We also needed a new way to generate signatures with opentitantool before the changes would be compatible with our integration tests and signing utilities. We discussed the issue at one of the regular Software Working Group meetings. This is a good forum for smaller-scale decisions, where OpenTitan maintainers from different organizations can informally coordinate and seek feedback on engineering decisions. There, we decided to directly link the reference implementation into opentitantool with bindgen rather than, for instance, look for a different Rust crate. This option would give us more future flexibility, including to experiment with alternative parameter sets like we’ll discuss in the next post. We integrated the reference implementation into our infrastructure and generated the bindings so that I could switch opentitantool to use them (see pull requests #23049 and #23104).

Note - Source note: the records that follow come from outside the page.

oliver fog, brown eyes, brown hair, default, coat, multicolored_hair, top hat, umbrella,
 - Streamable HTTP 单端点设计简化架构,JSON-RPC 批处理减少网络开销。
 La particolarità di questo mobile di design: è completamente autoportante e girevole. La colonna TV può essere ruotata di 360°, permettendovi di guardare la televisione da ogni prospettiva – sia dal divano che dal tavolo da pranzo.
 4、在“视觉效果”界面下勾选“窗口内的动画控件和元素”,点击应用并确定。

There were also two smaller code changes for the new version; domain separator support to match the FIPS 205 standard (see pull requests #23762 and #23765), and a small bugfix from the upstream reference implementation (see pull request #22894). The bug didn’t affect any of the parameter sets that had been submitted as part of the PQC competition, but was problematic when experimenting with different, alternative parameters.

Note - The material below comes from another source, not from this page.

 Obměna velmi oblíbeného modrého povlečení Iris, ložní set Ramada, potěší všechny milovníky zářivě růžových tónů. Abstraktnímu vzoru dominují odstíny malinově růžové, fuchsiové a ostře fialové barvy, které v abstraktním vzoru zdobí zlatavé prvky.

Finally, we changed the parameter set from SHAKE to SHA-2, as I discussed a bit already in the last post. In May 2024, just before a code freeze, we received a time-sensitive request to switch to SHA2 parameters to maintain compatibility with project partners’ infrastructure. Luckily, we were able to take advantage of the existing organizational and technical infrastructure to evaluate the effort and risk of the change, agree on a plan, and implement and test it in time. First, we wrote an RFC for the change and the TC approved it. To help inform the decision, we did some quick performance estimates to check if there would be an impact on verification speed. In general, SHAKE is faster than SHA-2 in hardware. However, our SHAKE implementation is masked for side-channel protection and the SHA-2 implementation isn’t, so it runs a little bit faster. Also, we had implemented a new save/restore feature for the SHA-2 accelerator hardware since the first tapeout (see pull request #21307), which we could use to accelerate a performance-critical part of SPHINCS+. After the Technical Committee approved the RFC, we updated multiple parts of the test infrastructure to include SHA-2 parameter sets (see pull requests #21681 and #23598), and then implemented the extra bits of code (e.g. MGF1) that we needed and swapped over the implementation (see pull request #23710 and #23732). Then we went through and, using similar techniques as we had for SHAKE as well as the save/restore feature, optimized the code so that it would run a significant few milliseconds faster (see pull request #23761). For code size and schedule reasons, we fully swapped over the implementation and don’t support the SHAKE parameter sets as an option in this version. For future OpenTitan chips, we’re considering supporting both.

Closing Words and Thanks

And of course, like most technical projects, we build on the work of many others; in this case, we benefited greatly from the SPHINCS+ authors making a high-quality reference implementation and test vector generation script available under a permissive open-source license. We strongly believe that accessible, quality implementations are indispensable – in hardware and software alike! So thank you to the SPHINCS+ authors, especially Peter for suggesting that we try running SPHINCS+ and helping us set up the first experiments.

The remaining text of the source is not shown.